Core Concepts
Efficient framework for expression classification and action unit detection using CLIP and MLP.
Abstract
Human affective behavior analysis is crucial for understanding emotions. This work introduces a lightweight framework combining CLIP image encoder and MLP for expression classification and AU detection. The model integrates CVaR for robustness and loss landscape flattening for improved generalization. Experimental results on Aff-wild2 dataset show superior performance with minimal computational demands. The proposed method outperforms the baseline, offering an efficient solution for affective behavior analysis.
Stats
The Aff-Wild2 dataset consists of 548 videos annotated for six basic expressions, neutral state, and an 'other' category.
Training, validation, and testing sets contain different numbers of videos in both Expression Classification Challenge and Action Unit Detection Challenge.
Our method achieved a 11% improvement in 'macro' F1 score in Expression Classification Challenge compared to the official baseline.

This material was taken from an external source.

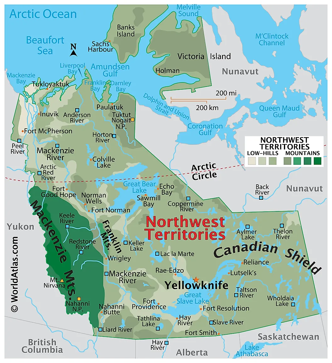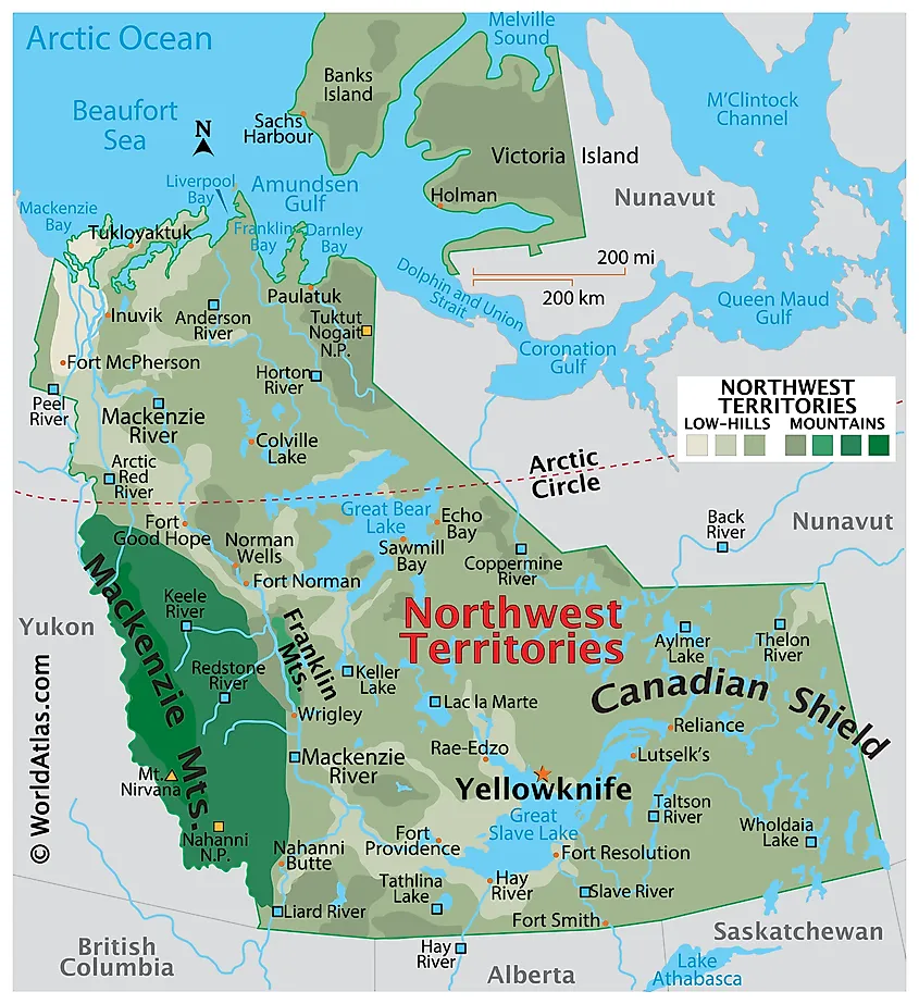 The Northwest Territories, a vast and diverse region in northern Canada, covers an area of approximately 519,735 square miles. It stretches from its border with Alberta to the Arctic Ocean in the north and shares additional borders with Nunavut to the east, Saskatchewan, and British Columbia to the south, and Yukon to the west. The territory boasts a rich geographical landscape characterized by various landforms, climate zones, and ecosystems.

For Action Unit Detection Challenge, our approach enhanced the 'macro' F1 score by 4% over the official baseline.
Quotes
"Our contributions are summarized as follows: We propose the first lightweight efficient framework suitable for expression classification and action unit detection."
"We incorporate CVaR into the loss functions, improving the accuracy and reliability of predictions, especially in challenging scenarios for both tasks."
"Our method outperforms the baseline in both tasks, as demonstrated in experiments on the Aff-wild2 dataset."